KNOXVILLE (WATE) – Knox County school system staffers who help special needs students learned this week that their positions are being cut.

“We want answers,” Julya Johnson said.

About 150 students benefit from assistive technology, making learning a little easier for children with dyslexia and other learning disabilities.

Johnson, a former WATE 6 On Your Side meteorologist, said the assistive technology department helped her child excel in the classroom.

“It has been a life changer, a game changer,” she said. “I mean my child is on the honor roll every single time and this is a child with severe dyslexia.”More online: Read the full budget proposal

The removal of the department means cuts to three positions – staffers well-trained in facilitating learning for special needs students.

“And for them to get rid of that level of expertise without letting us know, without letting the tax payers know, without letting us vote on it, to me it was traumatic,” Johnson said.

The decision to eliminate the department was a recommendation from the county’s Department of Student Support Services, not a decision made by the school board.

“My email box was kind of flooded from parents and grandparents that were speaking in opposition to these cuts being made and how it would impact their children and grandchildren,” Knox County School Board Member Patti Bounds said.

To fill the void, the school system plans to train more teachers to address the needs of these students.

“We’ll continue to have some specialists that are trained that are part of a larger team that are trained on specifically providing support for more intensive needs but a big piece of that training is going to be training all of our staff in all 90 of our schools,” Melisssa Massie, executive director for Knox County Schools student support services, said.

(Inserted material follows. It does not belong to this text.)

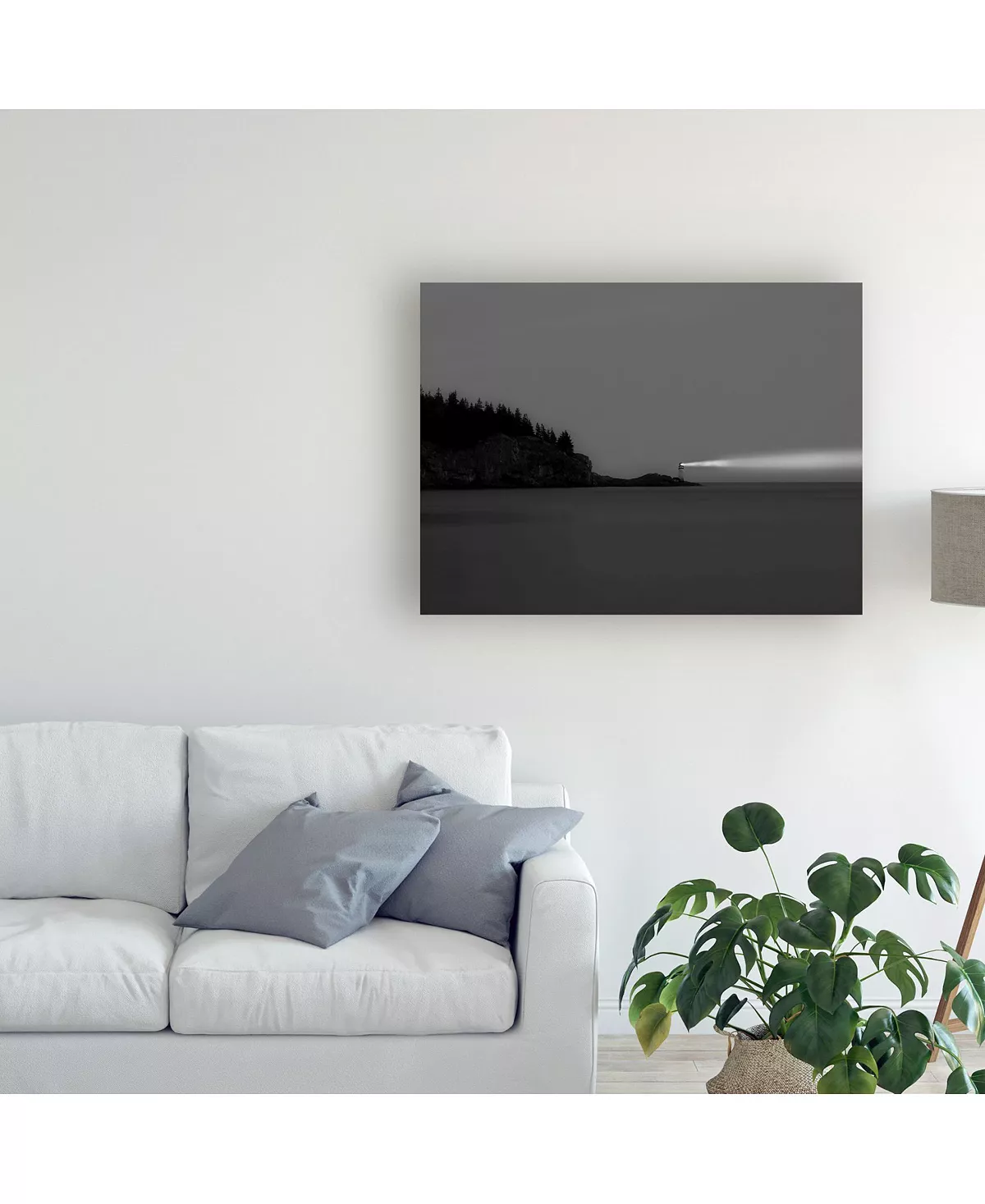 This ready to hang, gallery-wrapped art piece features a lighthouse in the distance of a coastline. Gallery-wrap is a method of wrapping an artist’s canvas around a hidden, wooden frame allowing for a frameless presentation.

However, Knox County Education Association President Lauren Hopson said that will only put a greater burden on teachers.

“With the teachers, my biggest concern is this is going to be one more thing put off on them to do, which may not be their area of expertise,” Hopson said.

Parents like Johnson hope administrators will reconsider their decision, so that students like her son do not get left behind.

“This particular cut directly affects access to learning and to me it would be the same thing as if they cut textbooks,” Johnson said. “This is an access to learning so I hope they listen to that and take that into account.”